ヨーロッパ アルプス最高峰、モンブラン(4810m)に登る 1.きっかけ編
モンブランに興味を持つきっかけは、NHKの『世界の名峰 グレートサミッツ エピソード100 アルプス・モンブラン』だった。
放映は2014年3月。
自分はこのシーズンから本格的に雪山をスタートしたところで、まだピッケルも本格的なアイゼンも持っておらず、先輩からお借りした装備で雪の斜面に立つのも恐々。

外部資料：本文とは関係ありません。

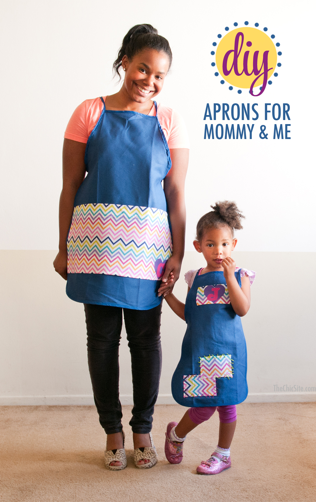 Mother’s Day is this weekend and there’s a chance you’ve seen a million and one mother’s day gift guides already but we really wanted to give you an option under the DIY category. This is the kind of gift that grandma might make for her daughter and grand daughter, or an auntie might make for her sister. It’s DIY Mommy and Me Aprons and it’s so easy anyone can pull it off in time for Sunday! ~Rachel
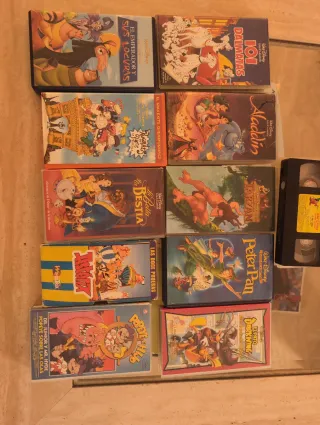 Colección de películas Disney en formato VHS. Unas 108, hay varias sin con el plastico - Aladdin - Alicia en el País de las Maravillas - Anastasia - Blancanieves - Bichos - El Jorobado de Notre Dame - La Bella y la Bestia - La Sirenita - El Rey León - El Libro de la Selva - Pocahontas - Tarzán - Toy Story - Winnie the Pooh - Los Aristogatos - Pinocho - Peter Pan - La Bella Durmiente - La Cenicienta - Oliver y su Pandilla - El Mago de Oz - El Planeta del Tesoro - La Espada Mágica - Hércules - El Tesoro de la Montaña - El Mundo Mágico de Bella - El Pequeño Nemo - La Fiesta de Pluto - Goofy - Mickey y sus Amigas ....
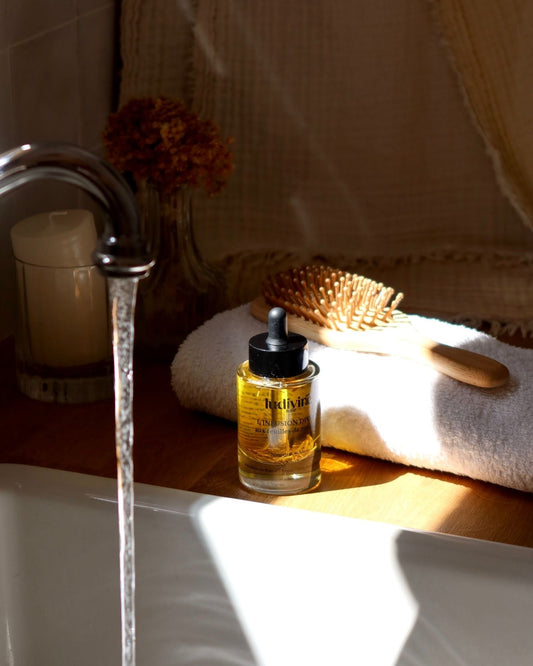 Un élixir précieux aux 10 huiles naturelles, conçu pour sublimer vos cheveux. Sa formule pure, sans silicones ni pétrochimie, nourrit, renforce et stimule leur croissance.
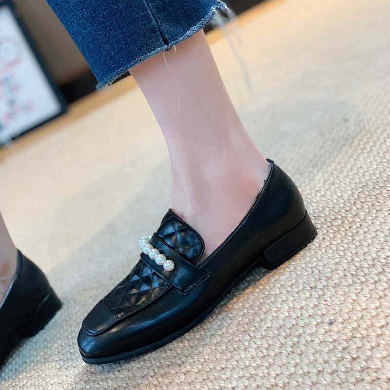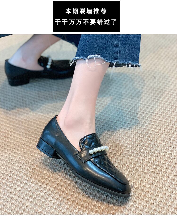 レザースタイルスプリングパールセット ブラック 靴 シューズ 春物 真珠 部族の婦人靴5184640535
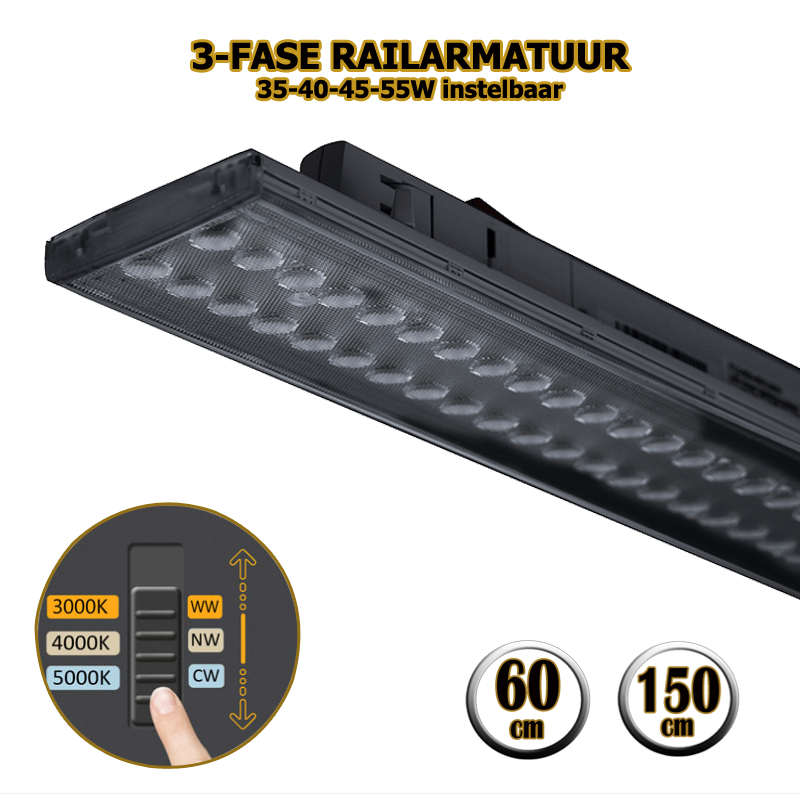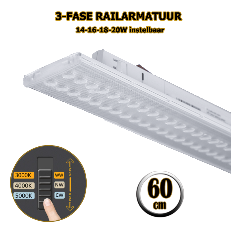 3-FASE RAILARMATUUR | TARVOS | 60CM | wit  | CCT SWITCH
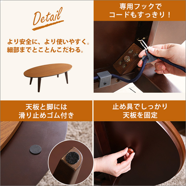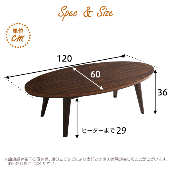 ●サイズは120cmx60cm!丸みがあってじゃまにならない、ちょうどいいサイズの楕円形こたつ【LYNDY-リンディー-】です
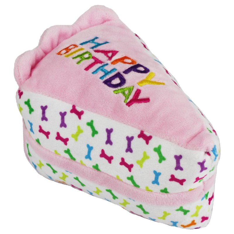 All dogs should have a special birthday! Celebrate your precious pup's special day with this colorful slice of birthday cake plush toy.

ただ、雪の世界が美しいもので、登山者を魅了するのが良く理解できるようになった時期であり、低山から2000m級まで(もちろん日本の)いくつかの雪山で経験を積むことにより、「次の山」へのモチベーションが高まるタイミングでもあった。
番組の中で印象的だったのが、
・NHKの女性プロデューサーが実際にガイドと共に登っていたこと。
・取材パーティのスピードが遅く、途中で荷物チェックして更に軽量化したこと。
・標高4,810mでの酸素濃度は平地の2/3以下ということ。
何より、
・ガイドが当日の天候から予定より数時間遅い出発を決断し
・それが奏功し、強風の落ち着いたタイミングで登頂に成功できたこと
(強風のため、途中のヴァロ避難小屋で引き返してきたパーティも映像には映っていた)。
ガイド登山ってすごいんだな、不可能が可能になるんだから。自分がもし海外の山に登ることがあるとしたら、ガイドをお願いするのかな。それにしても、空気が薄いってことはたいへんなことなんだな。。
富士山より高い山に登ったことのない自分にとっては、雪山の、しかも海外、4000m峰、というのは文字通り「雲をつかむ」ように、途方もなく遠い世界のことに思えたものだ。
ところが、この同じ2014年の夏、山の会のベテランの大先輩たちがモンブラン登頂にチャレンジし、成功した。
自分がその挑戦を知ったのはもう4月に差し掛かる頃だったが、飛行機の手配からトレーニング計画、高度順応等々、あのテレビで映っていた雪の山に、自分達だけでチャレンジすると分かった時は驚いた。
次いで、羨ましいという気持ち、もちろん自分にはまだ技術的・体力的に無理だという思い、仕事も休めないし・・という諦め。
録画しておいた『グレートサミッツ』を、その後、何度も見返した。自分にはまだ遠い事と思いながら、しかし、ずっとこの先輩方がモンブラン登頂を成功させたこと、”天に続くステップ”を一歩一歩踏みしめて歩る映像のイメージは、いつも頭の片隅にあった気がする。
この後、自分が仕事を辞めることになり・・。
いろいろあったものの、とにかく体力と気力があるうちにやりたい事をやってみよう、と考えるようになった。
雪山でよくお世話になっている先輩のひとりが、今年モンブラン登頂を目指すらしいと聞いたとき、思い切って自分もチャレンジしたい、と伝えることができたのは、そんな心構えがあったから。内心、まだお尻に殻のついたひよっこのくせにずうずうしいよな、という懸念はあったが、OKをもらえた時は嬉しくて、トレーニングがんばるぞー!、と誓った。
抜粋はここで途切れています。